Set in a world where fantasy creatures and magic exist, Bright follows Nick, the first Orc Officer admitted to the L.A.P.D., and his human partner Daryl, who is tasked with not only showing him the ropes, but keeping an eye on the new recruit. After a magic wand is discovered, Nick and Daryl must survive the night fighting off gang members, Orc packs, corrupt cops, and even a doomsday cult to protect the wand from falling into the wrong hands.
I don't understand what the critics are on about. I am honestly baffled and even a bit annoyed about it. Now by no means is Bright a perfect movie, but ill be damned if it isn't an extremely entertaining and exciting one. The strange sounding mixture of hard boiled cop flick and fantasy film shouldn't work, but somehow it does in spades. Themes of race and police violence are quite cleverly turned on their heads and explored in different contexts thanks to the fantasy world Bright lives in.
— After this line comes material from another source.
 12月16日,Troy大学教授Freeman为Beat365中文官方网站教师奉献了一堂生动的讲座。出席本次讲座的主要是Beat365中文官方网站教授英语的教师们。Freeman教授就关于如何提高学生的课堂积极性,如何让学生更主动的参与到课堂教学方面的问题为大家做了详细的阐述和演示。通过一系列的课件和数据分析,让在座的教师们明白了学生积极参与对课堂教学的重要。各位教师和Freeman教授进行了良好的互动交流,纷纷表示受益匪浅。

This fascinating new world we are introduced to is absolutely engrossing, full of lore and fantastic creatures, and you leave the movie just wanting more of it. (Luckily for us Netflix has already greenlit a sequel.) Will Smith is in fine form in the best role he's had in years as Daryl, and Joel Edgerton is simply astounding as the rookie Orc cop. Edgerton's Nick is one of my favorite screen protagonists of the year and his character arc is such fun to behold. The makeup crew has worked a miracle because not only is the "orc makeup" extremely believable and interesting, but it allows the actors wearing it to emote and express just like they were wearing nothing at all. I went into Bright not expecting much, but came out not only pleasantly surprised, but confused.
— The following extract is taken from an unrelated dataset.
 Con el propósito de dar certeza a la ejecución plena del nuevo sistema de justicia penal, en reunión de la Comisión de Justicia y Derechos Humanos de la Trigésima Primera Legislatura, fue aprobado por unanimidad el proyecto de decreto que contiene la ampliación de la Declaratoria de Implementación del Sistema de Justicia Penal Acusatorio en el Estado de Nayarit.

So why? Why do critics hate this movie? It isn't poorly made. It doesn't look bad. There's not a bad performance in sight. The effects are believable and in the case of makeup, award worthy. So why? Why all the bad reviews? These are not just mediocre reviews mind you, there is real disdain and dislike for this movie. The answer? In complete and utter honesty, I do not know. You could postulate conspiracy theories about studios paying them off because they hate Netflix and it's threat to the system, or maybe they hate David Ayer, or maybe they just all woke up on the wrong side of the bed that day, but honestly I don't have a clue. The one thing I do know is this: You know that link up above for the reviews on Rotten Tomatoes? You see how, at the time of writing this, it has only a 28% out of 100 from critics? Look to the right. At time of writing it has an "Audience Score" of 89% out of 100. So at least I'm not the only one left puzzled as the credits rolled.
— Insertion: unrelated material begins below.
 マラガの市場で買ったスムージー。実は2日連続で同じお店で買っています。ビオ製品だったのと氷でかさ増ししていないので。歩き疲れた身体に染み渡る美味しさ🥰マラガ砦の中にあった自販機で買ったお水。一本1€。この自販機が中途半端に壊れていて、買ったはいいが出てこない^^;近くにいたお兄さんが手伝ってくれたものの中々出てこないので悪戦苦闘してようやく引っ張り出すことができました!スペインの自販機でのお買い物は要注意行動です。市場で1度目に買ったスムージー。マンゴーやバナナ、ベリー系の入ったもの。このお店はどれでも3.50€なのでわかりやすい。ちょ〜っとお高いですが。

Back in May I had a similar confused reaction to the critical reception of King Arthur: Legend of the Sword. I'd like to double down on the statements I made in that review that I think only ring all the truer: "Now does this mean I am right and the other critics are wrong? Not necessarily, but I have to say you shouldn't ever take what anyone has to say about a movie as the absolute truth. Myself most definitely included. So should you stop reading reviews all together? No. (Especially keep reading mine. I need the views for my ego....Tell your friends.) What you should do is this: read between the lines. Never take the final verdict of a review as wether or not you should see a movie. See what the person has to say about what goes on in the film and if that sounds like a good time to you then go see it! You might just find yourself enjoying and endlessly quoting a movie that everyone else seemed to hate."
Trivia from IMDB for Bright:
Given a budget of $90,000,000, this film makes it the most expensive Netflix movie to date.
Max Landis has stated that he turned down an addition £1 million for the sale of the script because he wanted David Ayer to direct. He had written the script specifically for Ayer.
This movie was on the 2018 Academy shortlist for possible nominations in the "Makeup and Hairstyling" category.